How to complete this task
Print out every line of the material exactly. Include no pictures.

Collected material
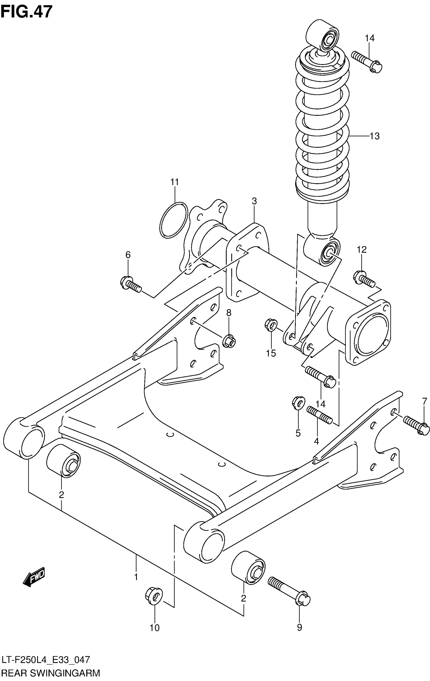 Suzuki LT-F250L4 (2014) REAR SWINGINGARM Diagram
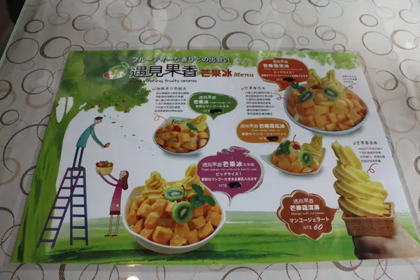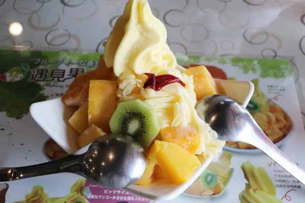 遇見果香所使用的芒果是老闆精心挑選專門外銷國外的玉井芒果,不但有吉園圃認證,還符合日本嚴格的海關規定及歐盟農藥規定,讓消費者可以吃得安心。不過,因為今年颱風過多,玉井的芒果也欠收,從9月開始也會使用屏東的四季芒果。
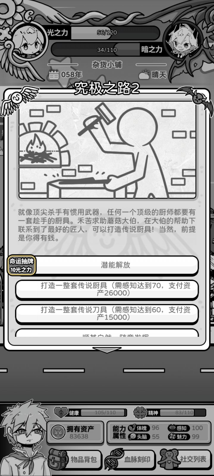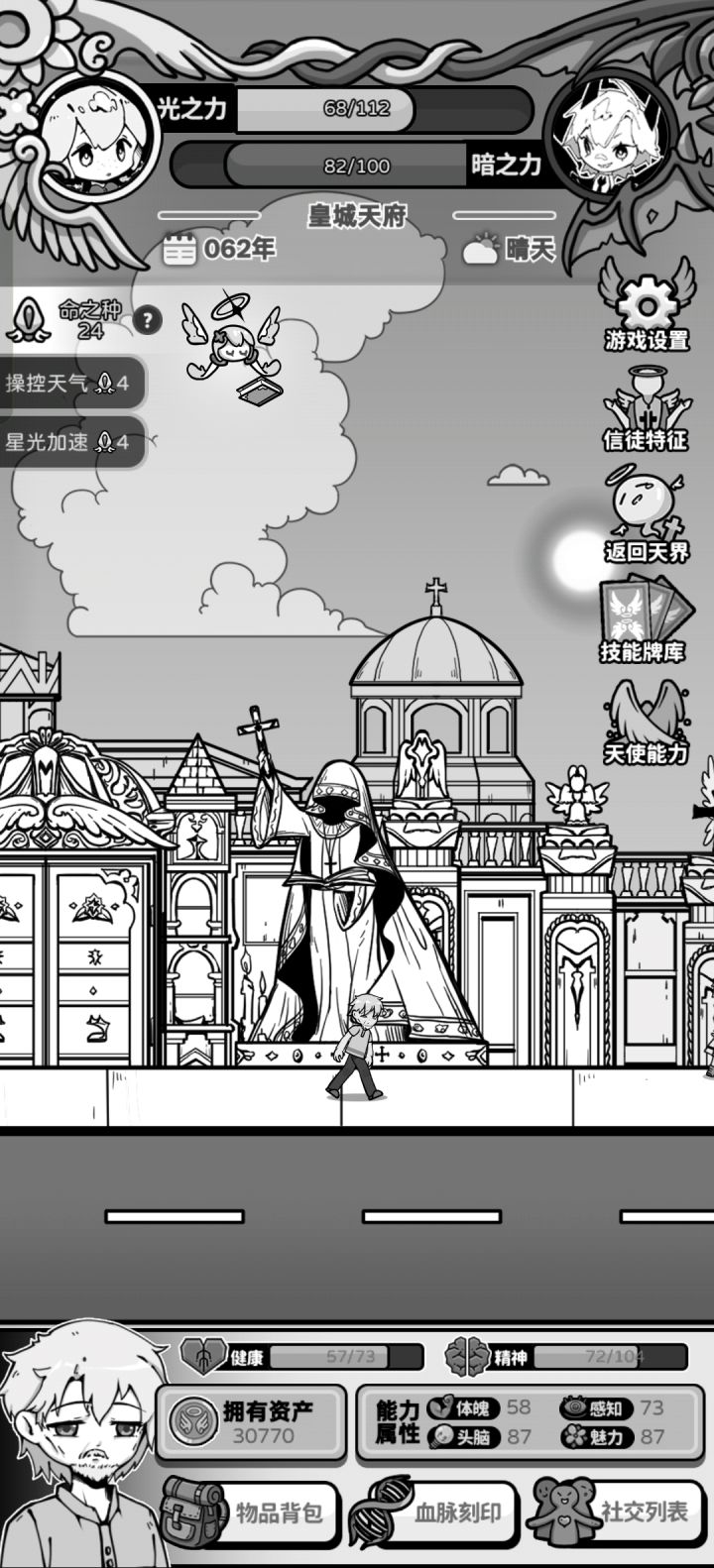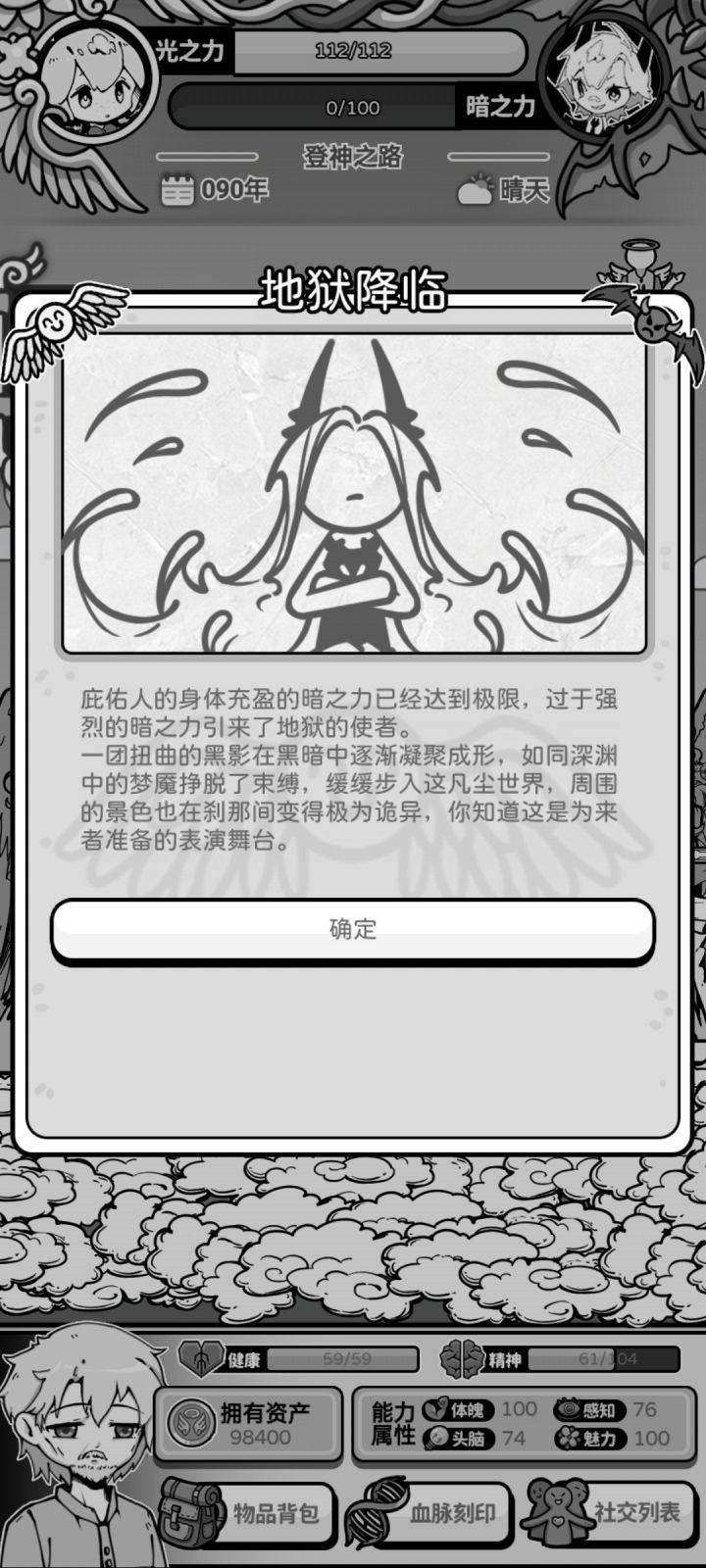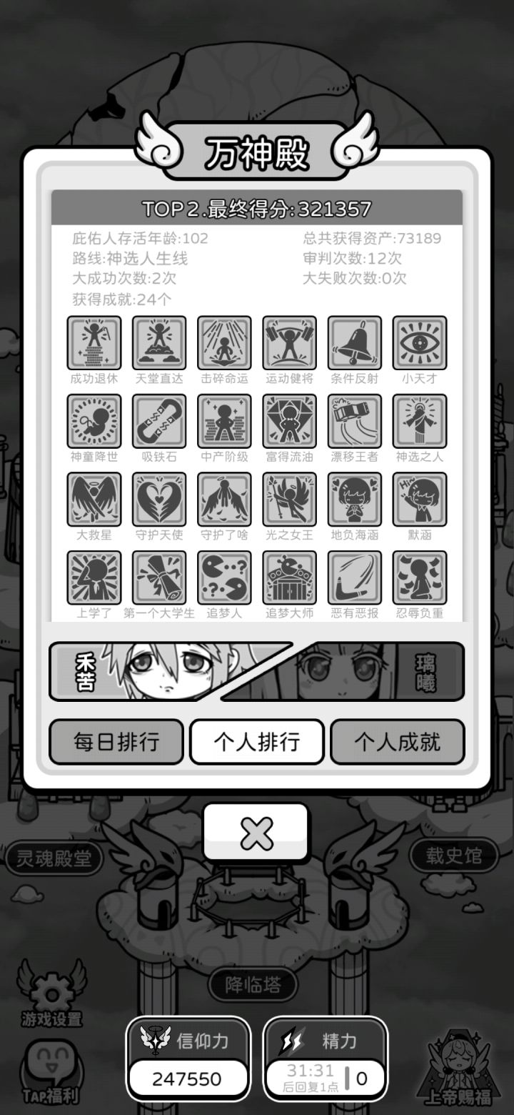 一般来说我感觉走学校游戏线最稳,打了几次都至少能活到退休(不过花的现实时间长一点,要刷信仰去生死胎就完事)因为刚上手没开刷,其他神没满好感,所以现在都没满技能没拿个108岁见笑了(′へ`、 )开局可看个三祝福的广告,适合玩多属性。刷个头脑魅力都比较高的开,点一点页面等正式走出初始小房子场景,这时头脑有近30多就是很好的局,有个小事件还会加5脑,其他就看祝福随机跳吧。9岁认识默涵,之后持续性

Solved problem
 Suzuki LT-F250L4 (2014) REAR SWINGINGARM Diagram
 遇見果香所使用的芒果是老闆精心挑選專門外銷國外的玉井芒果,不但有吉園圃認證,還符合日本嚴格的海關規定及歐盟農藥規定,讓消費者可以吃得安心。不過,因為今年颱風過多,玉井的芒果也欠收,從9月開始也會使用屏東的四季芒果。
 一般来说我感觉走学校游戏线最稳,打了几次都至少能活到退休(不过花的现实时间长一点,要刷信仰去生死胎就完事)因为刚上手没开刷,其他神没满好感,所以现在都没满技能没拿个108岁见笑了(′へ`、 )开局可看个三祝福的广告,适合玩多属性。刷个头脑魅力都比较高的开,点一点页面等正式走出初始小房子场景,这时头脑有近30多就是很好的局,有个小事件还会加5脑,其他就看祝福随机跳吧。9岁认识默涵,之后持续性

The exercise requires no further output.